The Week in Fact-Checking: With your own two feet

Julien Pain was tired of preaching to the choir. After several years spent debunking viral fakes for France 24’s Les Observateurs, he was on the lookout for a format that would expand the reach of his fact-checking. “I realized I was only reaching people who agreed with me,” he said. Since September, he’s been taking fact-checking to the streets in Facebook Live videos for France Info. Here’s what he’s learned.

Quote of the week
“A response on all three fronts — journalism, libraries, and schools — is essential to beating back this massive assault on truth. Social science tells us that our decisions and judgments depend more on shared community narratives than on individual rationality.” — Librarian Barbara Fister, writing for Inside Higher Ed

Politics co-opts fact-checking
In Le Monde, Mathilde Damgé takes stock of all the ways French political campaigns have tried to co-opt the cues and format of fact-checking to promote their own agenda. “While journalism doesn’t mean absolute neutrality, it starts from a principle of honesty,” Damgé writes.
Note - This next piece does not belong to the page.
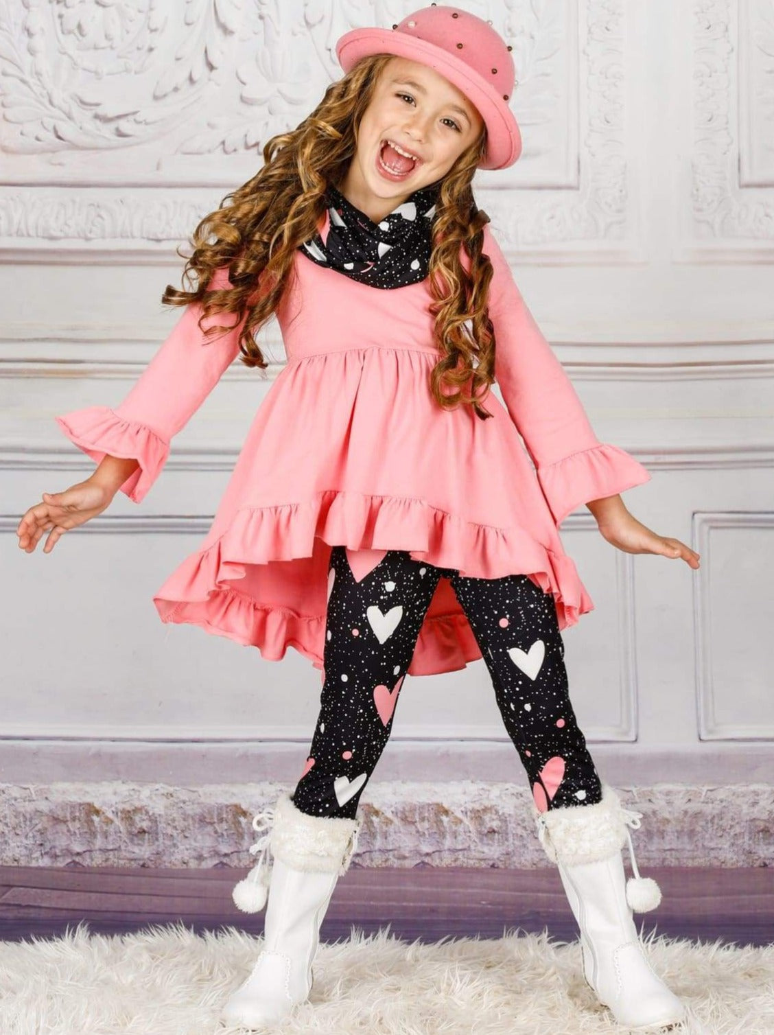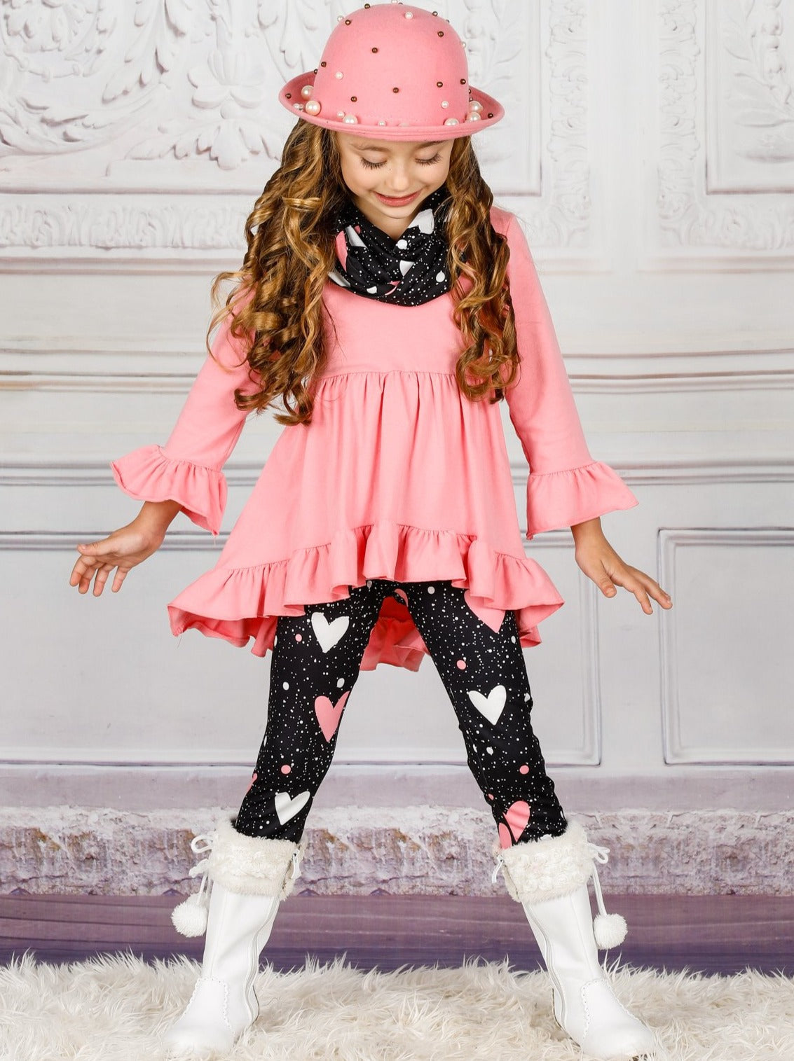 - The set features a ruffled long-sleeved hi-lo pink tunic with heart print leggings and matching infinity wrap scarf

The campaign’s “fact-checking” efforts have a “militant goal” and are often just a new means to pursue old ends.

The sad side of fake news: Journalists are still getting tricked. Plus more from The Week in Fact-Checking. Tweet This

How Tapper makes facts “so damn entertaining”
GQ magazine goes deep inside the head of CNN’s Jake Tapper, and how he handles the “constant assault on the truth” as he interviews fact-resistant guests on his show.

No, this dog can’t read.

Facebook & facts: Your weekly update
Some people aren’t too impressed by Facebook’s “Tips to Spot False News” and here’s why. … Shareholders want Facebook to produce a report on how “fake news” is hurting democracy and the company itself. … About 30,000 fake accounts were suspended by Facebook in advance of France’s elections, which begin Sunday. … Facebook’s ready to roll out augmented reality, but could that make it even more difficult to determine what’s real?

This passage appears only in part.